Lightning Talk GENEMAPPERS 2026

Establishment of the genetic ancestral diversity of single-cell atlases reveals heterogenous variation in cellular profiles (#16)

Drew Neavin 1 , Ellaine Chou 2 , Gabe O'Reilly 1 , Victor Borda 3 4 , Kian Hong Kock 5 , Blake Bowen 1 , Kavitha Krishna Sudhakar 1 , Shyam Prabhakar 6 , Timothy O'Connor 3 7 , Joseph Powell 1
  1. Garvan Institute of Medical Research, Darlinghurst, NSW, Australia
  2. Chan-Zuckerberg Initiative, Redwood City, California, USA
  3. Institute for Genome Sciences, University of Maryland School of Medicine, Baltimore, Maryland, USA
  4. The University of Maryland-Institute for Health Computing, University of Maryland School of Medicine, North Bethesda, Maryland, USA
  5. Genome Institute of Singapore, Technology and Research (A*STAR), Singapore, Republic of Singapore
  6. Institute for Genome Sciences, University of Maryland School of Medicine, Baltimore, Maryland, USA
  7. The University of Maryland-Institute for Health Computing, University of Maryland School of Medicine, North Bethesda, Maryland, USA

Equitable representation of human diversity in cell atlases is paramount for reducing health disparities and ensuring the broad applicability of medical research and healthcare interventions. However, genomics research has historically suffered from an overrepresentation of Northern European ancestries (e.g., ~94% of GWAS participants).
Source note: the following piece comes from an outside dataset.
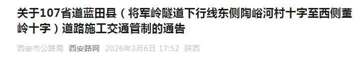 根据西安市交通运输局批复,西安市公路局将对107省道K80+289-K80+339路线将军岭隧道下行出口东侧滑坡进行水毁修复施工,根据《中华人民共和国道路交通安全法》、《中华人民共和国道路交通安全法实施条例》的有关规定,为保证工程顺利实施,保障周边群众及过往车辆安全,现需对107省道K79+864-K82+082段进行半幅封闭施工。现告知如下: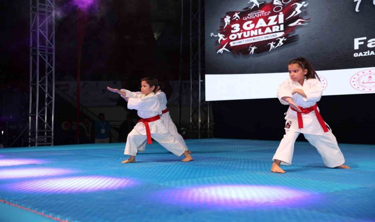 Şahinbey Kapalı Spor Salonu’nda yapılan açılış töreni, 4’ü engelli olmak üzere toplam 17 branşta 74 kategoride ter dökecek yüzlerce sporcunun katılımı ve hazırlanan çeşitli gösterilerle renklendi. Okul bayrakları ve flamalarının geçişiyle başlayan açılış töreni, Gazi Oyunları branş tanıtım ve Erdemoğlu Ailesi’ni tanıtan video gösterimiyle devam etti. Yapılan çeşitli gösterimlerin ardından protokol konuşmasına geçildi. Protokol konuşmalarının ardından nefes kesen gösterilerle program devam etti. İlk olarak minikler kata gösterisi yapıldı. Devamında ise akrobasi ve basketbol şovlarıyla nefes kesen performanslar sergilendi.

Achieving the full potential of single-cell atlas initiatives to provide extensive references of cells in the human body necessitates the inclusion of diverse donor cohorts. 

 

A critical barrier has been the infrequent reporting of genetic ancestry in single-cell studies, as the data conventionally used for ancestry inference (whole genome sequencing or genotype arrays) are often unavailable. To overcome this limitation, we developed scAncestry, a novel computational tool that accurately estimates genetic ancestry using genetic variants called from single-cell sequencing reads (r=0.995 compared with whole genome sequencing). Notably, scAncestry identifies 18-fold more genetic variants compared to previous methods, yielding robust concordance with gold-standard ancestry estimations (R² = 1). 

 

Applying scAncestry to 15,185 samples from four major single-cell atlas consortia––the Human Cell Atlas, CZ CELLXGENE, HuBMAP, and the Human Tissue Atlas Network––revealed a large proportion of European-like ancestries (77%), with substantial underrepresentation of samples with African-like (8%), Oceanian-like (0.01%), South Asian-like (1%), and Indigenous American-like (3%) ancestries. This underscores critical gaps in donor diversity, presenting opportunities for targeted efforts to enhance representation. Furthermore, by integrating other crucial demographic metadata (sampling site, sex, age, and disease status), we reveal the impact of human diversity on cellular profile variation. 

 

Beyond ancestry inference, this unprecedented catalogue of genetic variants from 15,185 single-cell samples establishes a transformative resource for downstream investigations, including genetic regulation, cell type proportions, and the genetic underpinnings of disease. Collectively, our work highlights opportunities to increase representation across single-cell atlases and lays the groundwork for uncovering variability across ancestries that will lead to equitable medical interventions.